Waitsfield photographer David Garten’s exhibition, “Ritmo en la Piel” (Rhythm in the Skin) opened on Thursday, June 7, at La Fabrica de Arte Cubano (The Cuban Art Factory) in Havana, Cuba. On display are 11 live performance portraits of Cuban musicians shot over a period of 24 years from 1994, during the nadir of Cuba’s Special Period (the economic crisis triggered by the collapse of the Soviet Union) through 2017, three years after Cuban-American normalization.

The Cuban Art Factory is the largest private, nongovernmental art space in the country, featuring multiple galleries, live performance spaces and restaurants within a renovated cooking oil factory at the corner of Havana’s El Vedado neighborhood, just across the Iron Bridge from the Miramar neighborhood. The building was converted in 2012, and since opening in 2013 has attracted an audience evenly divided between Cubans and foreigners. On any given night one hears a multitude of languages spoken.

Ritmo en la Piel is located in Nave One, the first gallery space encountered upon entering La Fabrica, which doubles as both a gallery and live performance space. Depending on the time, one can browse the photos at leisure, or dance within an audience of over 100 while the photos, overlooking the action, lend ambience.

“It is an honor and a pleasure to show at La Fabrica de Arte, something I have wanted to do since it opened in 2013. I had the opportunity to photograph the renovation in 2012 and knew from day one La Fabrica was special. In these difficult times, it is important, as Americans, to expand our communication, cooperation and interaction with our close neighbors, our missing twins, the Cubans. We have a lot to offer, and to learn, from each other. The Vermont-Cuba connection is very dear to me," Garten said.

Garten has been a guest on WVPR’s Vermont Edition. His 2015 exhibition in Waitsfield, “My Personal Cuba” was covered by The Valley Reporter and other Vermont media.  His last exhibition in Havana, “Pasos Hacia la Paz” (Steps Toward Peace) was held at the Mella Theater during the Havana Ballet Festival in 2004. His Cuba photos have been published in the New York Times, Jazz Times Magazine and the website The Daily Beast.

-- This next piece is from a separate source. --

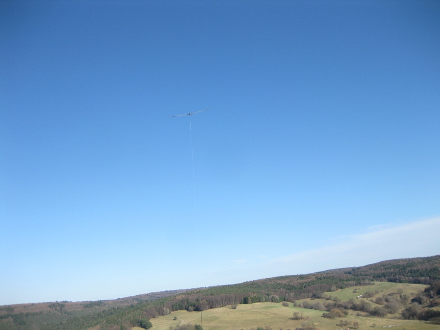 Zuerst Flitsche aufgebauen, ich hatte Gestern 2 Haken im Abstand von 60 mm eingebaut, 50 mm vor dem Schwerpunkt. Damit komme ich mit dem V-Seil an der vorderen Kufe vorbei und der Start ist eine Mischung aus Hochstart und Flitschen. Viel weiter dürfen die Haken nicht auseinander sein denn sie dürfen das Rollen nicht behindern sonst giert die Horten bei einer Böe unkontrolierbar bis zum Abriß am Seil.

Pulitzer Prize-winning journalist Mirta Ojito wrote about Garten’s Cuba photos, “These, for once, were not about a decaying city but, to me, about a decaying ideology and the US-Cuba conflict.”

Since 2012, Garten has been the in-house photographer for Arturo O’Farrill and the Afro Latin Jazz Orchestra at Symphony Space in New York. He photographed the ALJO’s last two CD covers which have won three Grammy’s between them.

The exhibit in Havana runs through August 31.